■ WORK TO BE COMPLETED ■
Each record should be given again exactly as it appears, with no image included.

■ DATASET EXTRACT ■
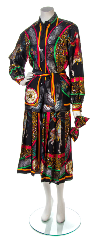 circa 1987, print commemorating Hermes' 150 Year Anniversary. Comprised of a button down shirt with a matching scarf, together with a knife pleated skirt, a matching hair bow barrett and an Hermes 150 Year Anniversary booklet. Each labeled: Hermes.
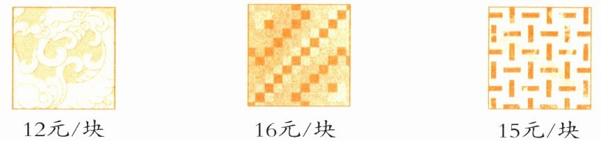8. 学校准备为 18 个教室铺地砖,市场上有以下三种地砖(大小相同)可供选择,平均每个教室大约要用 240 块。
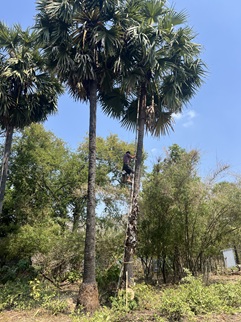 216) ពូមីងធ្វើឆ្នាំង (Pottery House), Khum Srae Thmei, Cambodia, March 4, 2025 - p The husband scaled a set of 30 foot high palms to show how he harvests the palm juice. They also showed us traditional music instruments and an old design for wooden cow "bells". It was a great side trip and they seemed like a very sweet family.
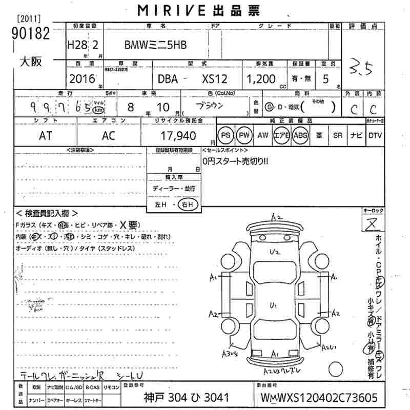 BMW MINI с аукциона Японии MIRIVE Osaka лот № 90182
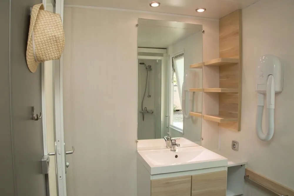 Ideal für Familie oder Freunde, das Mobilheim ist mit zwei Badezimmern ausgestattet. Der Campingplatz ist Fußgängerzone, der Parkplatz ist ausserhalb, um die Sicherheit der Kinder und die Ruhe aller zu gewährleisten.
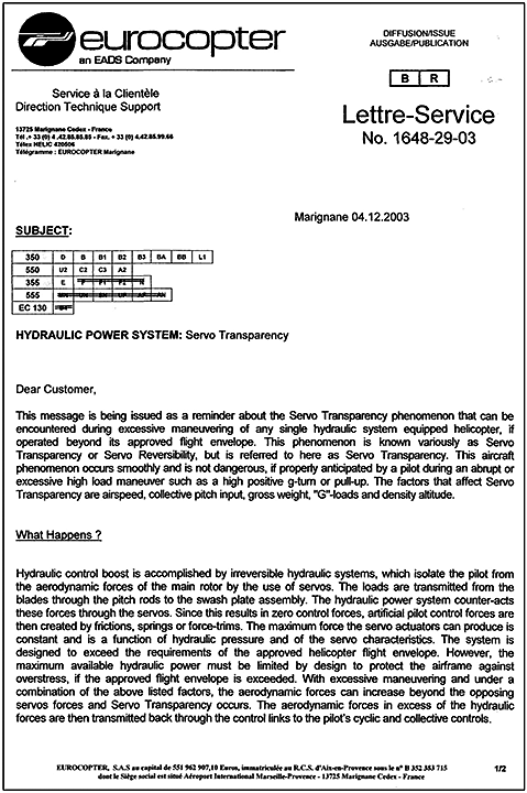 There have been a number of accidents in the past involving servo transparency on AS 350–series helicopters. In 2003, the manufacturer issued a service letter to address concerns that operators and pilots did not fully understand the phenomenon of servo transparency. The service letter described it as something that was not dangerous if properly anticipated during abrupt or aggressive manoeuvres.
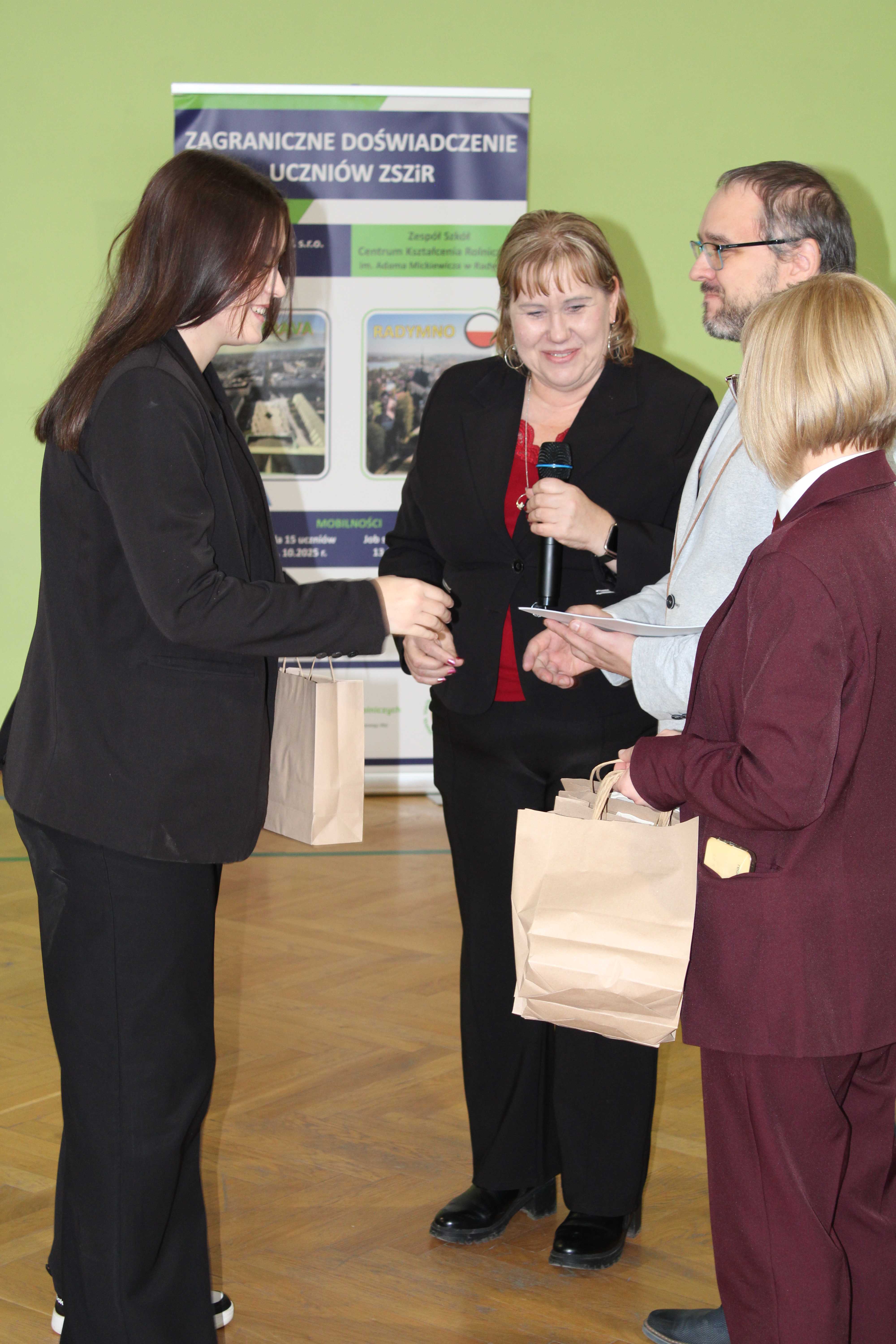 W dniu 26 listopada w naszej szkole obchodzony był Dzień Patrona Szkoły – Adama Mickiewicza. W tym dniu zorganizowano m.in. konkursy związane tematycznie z twórczością Adama Mickiewicza tj. konkurs plastyczny i konkurs recytatorski, w których udział wzięli uczniowie szkół podstawowych powiatu jarosławskiego i powiatu przemyskiego a także uczniowie szkół rolniczych prowadzonych przez Ministra Rolnictwa i Rozwoju Wsi. Uroczysta gala wręczenia nagród była okazją do zaprezentowania, wśród uczniów i ich opiekunów z w/w szkół, a także całej społeczności szkolnej naszej szkoły, projektu pn. Zagraniczne doświadczenie zawodowe uczniów ZSZiR”, a także przedstawienia jego rezultatów. Po prezentacji, wśród osób obecnych, przeprowadzony został, krótki quiz z omówionych zagadnień projektowych, a zwycięzcom quizu wręczono nagrody.

■ OUTPUT OF THE TASK ■
 circa 1987, print commemorating Hermes' 150 Year Anniversary. Comprised of a button down shirt with a matching scarf, together with a knife pleated skirt, a matching hair bow barrett and an Hermes 150 Year Anniversary booklet. Each labeled: Hermes.
8. 学校准备为 18 个教室铺地砖,市场上有以下三种地砖(大小相同)可供选择,平均每个教室大约要用 240 块。
 216) ពូមីងធ្វើឆ្នាំង (Pottery House), Khum Srae Thmei, Cambodia, March 4, 2025 - p The husband scaled a set of 30 foot high palms to show how he harvests the palm juice. They also showed us traditional music instruments and an old design for wooden cow "bells". It was a great side trip and they seemed like a very sweet family.
 BMW MINI с аукциона Японии MIRIVE Osaka лот № 90182
 Ideal für Familie oder Freunde, das Mobilheim ist mit zwei Badezimmern ausgestattet. Der Campingplatz ist Fußgängerzone, der Parkplatz ist ausserhalb, um die Sicherheit der Kinder und die Ruhe aller zu gewährleisten.
 There have been a number of accidents in the past involving servo transparency on AS 350–series helicopters. In 2003, the manufacturer issued a service letter to address concerns that operators and pilots did not fully understand the phenomenon of servo transparency. The service letter described it as something that was not dangerous if properly anticipated during abrupt or aggressive manoeuvres.
 W dniu 26 listopada w naszej szkole obchodzony był Dzień Patrona Szkoły – Adama Mickiewicza. W tym dniu zorganizowano m.in. konkursy związane tematycznie z twórczością Adama Mickiewicza tj. konkurs plastyczny i konkurs recytatorski, w których udział wzięli uczniowie szkół podstawowych powiatu jarosławskiego i powiatu przemyskiego a także uczniowie szkół rolniczych prowadzonych przez Ministra Rolnictwa i Rozwoju Wsi. Uroczysta gala wręczenia nagród była okazją do zaprezentowania, wśród uczniów i ich opiekunów z w/w szkół, a także całej społeczności szkolnej naszej szkoły, projektu pn. Zagraniczne doświadczenie zawodowe uczniów ZSZiR”, a także przedstawienia jego rezultatów. Po prezentacji, wśród osób obecnych, przeprowadzony został, krótki quiz z omówionych zagadnień projektowych, a zwycięzcom quizu wręczono nagrody.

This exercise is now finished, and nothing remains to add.